Sizin gazeteyi elinize aldığınız saatlerde seçimin sonucu belli
olacak. Sabahlamış televizyonlarda, henüz temizlenmemiş sokaklarda,
yorgun servis arabalarında hep kazananlar konuşulacak. Benim
yazdığım saatlerde ise meçhul.
Evet, sonucu bilmiyorum. Lakin bildiğim bir şey var.
Dünyanın tüm milletleri kadar alnı yüksekte milletimiz seçim
sandığında doğmadı.
Yakup Kadri’nin Yaban’da “Biz Türk
değiliz ki, o senin dediklerin Haymana’da
yaşar” diye anlattıkları yalan mı?
Kütahya’da adını bilmediği düşmanının ardından koşan atın ardında
bıraktığı toz bulutunda doğdu. Van’da depremden enkaz altından
günler sonra kurtarılan Azra bebeği taşıyan
kucakta doğdu. Soma’da madenden ancak ölüsü çıkanların tabutunu
taşıyan dirilerin omuzlarında doğdu.
Birlikte üzülüyor birlikte seviniyorsanız,
aynı türküye ağlıyor aynı fıkraya gülüyorsanız
ulus olursunuz. Kader birliği yoksa aynı dili
konuşmak ne işe yarar?
Bildiğim şey, millet sandıkta doğmadı ama sandıkta bölündü.
Yarısı zillet, yarısı hain, yarısı kâfir oldu.
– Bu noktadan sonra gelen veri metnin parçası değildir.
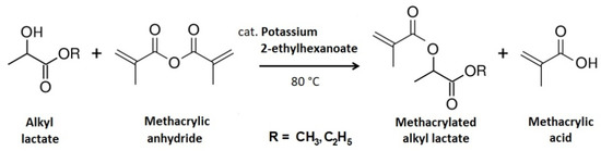 Synthesized alkyl esters of either lactic acid or 3-hydroxybutanoic acid did undergo a reaction with methacrylic anhydride (MAA) in order to form a polymerizable monomer. The reaction mixtures were prepared in a molar ratio 1:1 (ester:MAA) (see Scheme 3 for lactates and Scheme 4 for 3-hydroxybutyrates). The reaction mixture was poured into a three-necked round bottom flask and placed in an oil bath tempered at 80 °C and stirred via a magnetic stirrer. The reactions were catalyzed by a 50% solution of potassium 2-ethylhexanoate in 2-ethylhexynoic acid (2-EHA) that was prepared via a neutralization reaction of 2-ethylhexanoic acid with potassium hydroxide in a mass ratio 1:2 (KOH:acid) while the reaction water was evaporated. The catalyst was added to the mixture in a molar ratio 1:0.02 (ester:catalyst). The reaction started the moment the catalyst was added and all reactions took 24 h of reaction time. The conversions of reactants and the yields of forming products were monitored via GC-FID analysis. The formed methacrylic acid was neutralized by potassium hydroxide aqueous solution and separated from the metracrylated product. Methacrylated alkyl ester structures were verified via MS, FT-IR, 1H NMR, and13C NMR methods.

Öteki yarısı kazanırsa kendisine yaşayamayacağı bir ülke kalacağına
inanan bir kalabalığa ulus denir mi? Her seçimden sonra kendisine
başka vatanlar gösterilenler birlikte yaşayabilir mi? Aramıza bir
hendek kazdılar, içini sandıkla doldurdular. Yarısı tanımadığı
hasmına karşı kazandığı zaferi kutluyor. Öbür yarısı kendinden
eksilenlerin yasını tutuyor. Vatan da hürriyet de
ölmez
İnsanın büyük bir ya...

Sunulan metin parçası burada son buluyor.